Practical Political Prose




Reflecting upon my career, my memoir writing experience, and what lies before me, I have resolved to dedicate my remaining days to helping others. For example.


If one of my dear bureaucrat friends ever decides to write a satirical memoir about life in government and politics, I am going to corner him at his book launch party and present him with a Lifetime Achievement Award for Creative Non-Fiction-like Writing - and then, immediately after that, I will overpower him and force some-kind-of-gold-watch retirement gift into his hands.

This will give him a moment of beauty, joy and happiness - something exquisite - just before his writing career is put to an end.

My two-pronged process would spare my friend all the suffering, pain and ruthless indignity that flows from reading cruelly contradictory book reviews. 

The kind of reviews that either

1)    bemoan any elements of slapstick and obvious humour while suggesting the work is not very funny 

 - or –

2)    methodically analyze the satire with slow, grotesque praise so monstrous that the embarrassed author begs to die and former friends turn their heads away.

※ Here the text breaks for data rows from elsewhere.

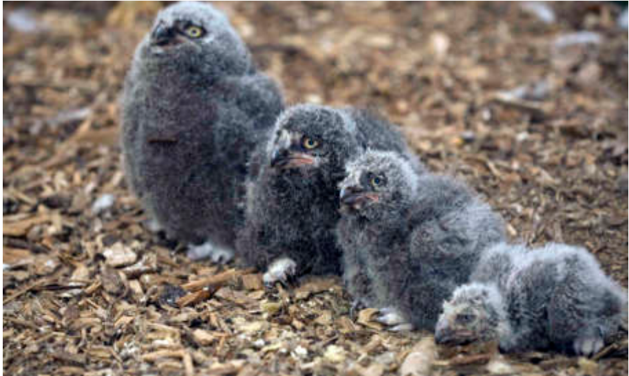
Nachwuchs bei den Schnee-Eulen. Sie schlüpfen im Abstand von zwei Tagen, was die unterschiedliche Größe erklärt. Oftmals setzt sich der Erstgeborene beim Fressen gegen seine jüngeren Geschwister durch.
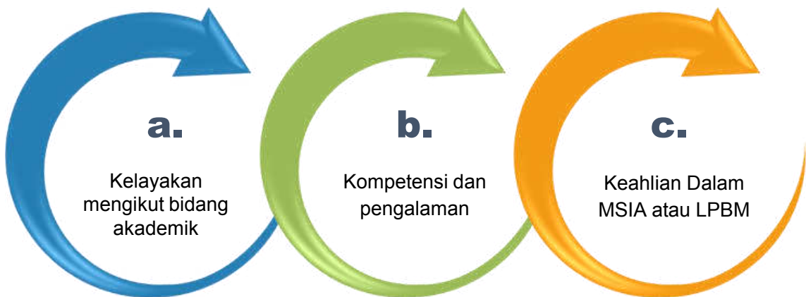
Rajah 11.3: Kriteria Orang yang Berkelayakan

Tiga kriteria orang berkelayakan telah digariskan bagi memudahkan proses saringan untuk pemilihan peserta bagi Modul Penilaian Kursus Kompetensi SIA seperti Rajah 11.3:
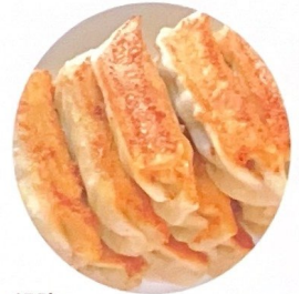
113. 锅贴 | € 6,00 | € 12,00 | € 15,00 Ravioli alla griglia*
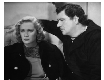
1932 LE MONDE ET LA CHAIR (World and the Flesh) de John Cromwell avec Miriam Hopkins
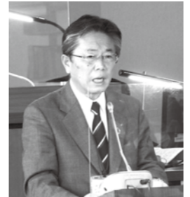
編成方針を述べる木賊町長

重点事業として「チャレンジ元気プロジェクト」を掲げ、今年完成予定の健康福祉センター建設事業をはじめ、成田地区遊水地事業、駅東第1土地区画整理事業などの継続事業のほか、新規事業では人口減少対策として、子どもへの支援として給食費の一部助成、まちづくりの指針でもある「牧場の朝のまちづくり」を進めるための各種事業を展開していきます。

By retiring with Lifetime Achievement laurels, my friend will also be protected from the scourge of caring about literary award competitions: the no-win affairs that either crush a writer’s spirit with high-profile defeat or create an ever-widening pool of jealous rivals ready to attack subsequent works as “not up to usual standards.”

Or maybe I won’t wait for the book launch and just strangle him with cutting wire when he starts typing.